The NBA has undergone a vast cultural shift in the 20 years since the Celtics ruled the game. Ever since the retirement of Larry Bird, the absence of truly exceptional, kick-ass white players has become a kind of an awkward topic. In 1992, the celebrated Olympic Dream Team featured four white members: Bird, John Stockton, Chris Mullins and Christian Laettner. That was on what was supposedly the finest team ever assembled. Now, with the Olympics beneath the interest of contemporary NBA players, the league still struggled greatly to find any white players worth selecting for Athens.

When Bird entered the league in 1981, he immortally declaimed that he was "just a hick from French Lick", a town in Indiana.
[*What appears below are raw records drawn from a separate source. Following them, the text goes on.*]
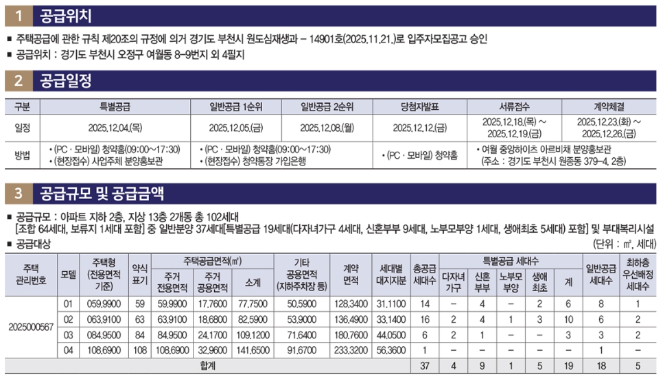 | 공급위치 | 경기도 부천시 오정구 여월동 8-9번지 외 |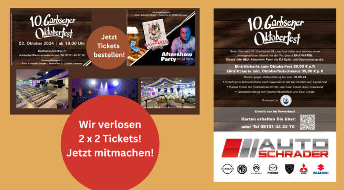Garbsen - Gewinnen Sie Tickets für das 10. Garbsener Oktoberfest bei Auto Schrader – Jetzt mitmachen! Der Countdown läuft: Das 10. Garbsener Oktoberfest bei Auto...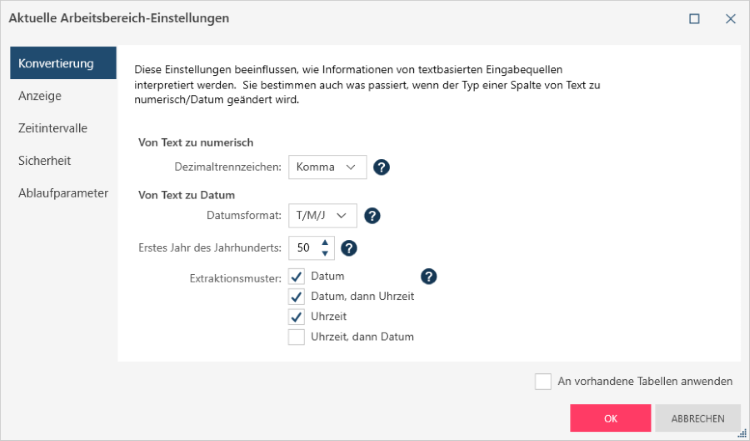 Wenn Sie das Kontrollkästchen Auf bestehende Tabellen anwenden aktivieren, werden alle Einstellungen auf alle offenen Tabellen im aktuellen Arbeitsbereich und auch im neu erstellten Arbeitsbereich angewendet. Wenn dieses Kontrollkästchen nicht markiert ist, reflektieren nur Tabellen im aktuellen Arbeitsbereich Ihre Konvertierungseinstellungen.

That hayseed sentiment and the sight of this country bumpkin engaging in an elemental dual against Magic Johnson re-invigorated the NBA. Bird represented all the values held dear in the Midwestern prairie belt populated predominantly by white farming communities; Johnson was a young, black, urban sophisticate, smiling as he went about inspiring a new generation of ghetto children with a style of basketball that was inimitable.

Then Jordan came along in 1984 with his dreamlike game of power and beauty, playing basketball in a way that appeared to rip up all the coaching manuals even though Jordan was among the most rigorous executioners of basic theory that ever lived.

Since that period, heirs to Larry Bird have been hard to find while Jordan has any number of pale imitators posturing as his successor. The game has become so much faster, it has gone street, mixing power and grace and individual brilliance - and mistakes. The league is 85 per cent black in racial make-up now and in image and style has changed irrevocably. That relatively sudden shift has created a degree of unease, and all the theory and criticisms levelled at the NBA are indirect complaints about the diminishing influence of white players. The pervasion of tattoos and rap music is constantly referred to in negative terms. The decline in standard shooting and passing is an oblique but unmistakable hint that contemporary NBA players (i.e., black players) do not have enough respect for the game to practice at it as former (white) stars did.

Modern NBA players are recruited from a tender age, often weeded out from deprived socio-economic backgrounds and advised very clearly that their path to a life of untold riches lay through basketball. By high school, they are either contenders or has-beens: by their early 20s, they are either millionaires or failures. The system is cold, its turnover ruthless, its material rewards infinite. It still contains the best athletes in the world. Yet although in spirit and style it belongs to the playground now, it is being aimed at an audience willing to believe the game still bears some relationship to the slow, methodical, jump-shooting and - yes - white game so revered across the American plains.

It has led to a strange scenario, the inverse of which would be Phil Mickelson walking up the 18th at Augusta to an almost exclusively black gallery. Like America itself, the NBA is brimming with racial undercurrents and every so often, when fissures appear, there is the potential for the anarchy that occurred last weekend.

What it all suggests, though, is that the NBA is in trouble. They used to call Bird the Great White Hope and there aren't any more of his type left. What remains is a fairly brutal set of stereotypes that harks all the way back to the days of Abe Lincoln.

As a professional athlete, Artest reacted irresponsibly. But would the denunciations have been quite so vocal and outraged if a white, "All-American" superstar responded similarly to having a container of beer thrown at him? And given America's history, is the sight of a white man throwing something at a black man who is, in essence, performing for the entertainment of that white man, not absolutely revolting and incendiary?

And when you think about it, isn't the wonder not that Ron Artest leaped into the crowd to take justice into his own hands but that it does not happen in American basketball theatres every night of the week?